Biscuit beetles are active throughout the year, and can quickly contaminate stocks of cereal, grain other stored products through direct fee...
Latin Name: Stegobium paniceum
Months of Activity: January - December
Stored product pests cause tremendous damage and economic losses to stored grains and seeds, packaged food products, and animal and plant-derived items and products. Besides causing direct damage by feeding, they elicit disgust, annoyance, and anger in many of those who find them infesting these products.
Biscuit beetles like to eat a range of cereal, grain and other stored products. They can enter any food package that hasn't been tightly closed and can easily penetrate plastic bags, foil and cardboard.
Females will lay eggs either in food or in crevices near to it. The eggs hatch into larvae, which wander around and crawl into tiny spaces to reach food. It is worth noting that a biscuit beetle larvae can survive without food for up to 8 days.

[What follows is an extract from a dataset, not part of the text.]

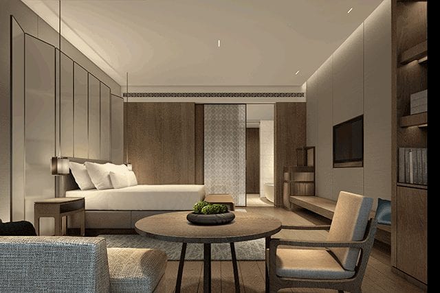 Three onsite F&B options, including a bar and lounge, feature designs from Hong Kong-based designer Andre Fu and AB Concept. The contemporary Cantonese eatery Yun Pavilion has opened alongside the all-day venue Sense, and the Mediterranean concept Aroma. The ground-floor bar Gem and destination bar Mg are also available.

The larvae pupate in cocoons, often within the food, for 1 or 2 weeks and then hatch in to adults. The adults bore their way through food or packaging to emerge, making holes like woodworm.
If you think that a product may be infested, then it should be wrapped in heavy plastic, taken outside, and thrown away. All food containers should be checked for infestation, sealed and left for approximately four months. In addition, all cupboards and surfaces should be emptied and thoroughly cleaned.
Choose an insecticide that is for use with crawling insects making sure that it is approved for use in food rooms. If beetles are present in other rooms, it is likely that they are travelling from a nearby bird's nest, so it is important to check your loft space and chimney area.
Large-scale control for severe infestations can be achieved by fumigation, however, you will need to contact a qualified pest control company in order to carry out this kind of operation.